Он приходит, улыбается и говорит, что снова ему пришло письмо. Читает.
В парке дорожки засыпаны мёртвой хвоёй.
Ветер срывает иголки безжалостно с сосен.
Скорбно прощаются ветви деревьев с листвой.
Вот ты опять наступила, печальная осень.
Я одиноко стою, наклонившись к пруду.
Тихо головку склонила плакучая ива.
Ты не приходишь, а я всё надеюсь и жду:
Хочется так мне с тобой стать счастливой.

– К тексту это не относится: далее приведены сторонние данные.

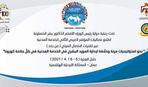 المؤتمر العربي الثاني لأجهزة الخدمة المدنية يختتم أعماله اليوم 2021-04-06 11:18 يُختتم اليوم في العاصمة عمّان، المؤتمر العربي الثاني لأجهزة الخدمة المدنية و التي انطلقت أمس (الإثنين) عبر تقنيات الاتصال المرئي عن بعد، محلي

Скоро зарядят дожди, и дожди, и дожди…
Щедро на землю плеснёт осень серую краску.
Сердце стучит: приходи! Приходи! Приходи!
Где же ты, мой кареглазый Веласкес?
Я восхищаюсь:
– Красивое стихотворение! С настроением.
– Нет, Моника не могла написать такое.
– Почему?
– Она не может знать Веласкеса.
– Ну, что вы! Веласкеса знает весь мир. Это же классик!
Но сомнения у него остаются.
– Нет, это кто-то меня разыгрывает. Наверное, искусствовед. Сегодня зашёл ко мне и, как в прошлый раз, сказал про письмо.
Ещё несколько дней я безуспешно уговариваю его сходить в парк на свидание. И лишь в день моего отъезда на вопрос, так кто же его разыгрывал, он вдруг просветлённо улыбается:
– Так это же ты! Как это я сразу не догадался!
Он полетел меня провожать в Ленинград. 28 лет тому назад. Вчера он скоропостижно умер.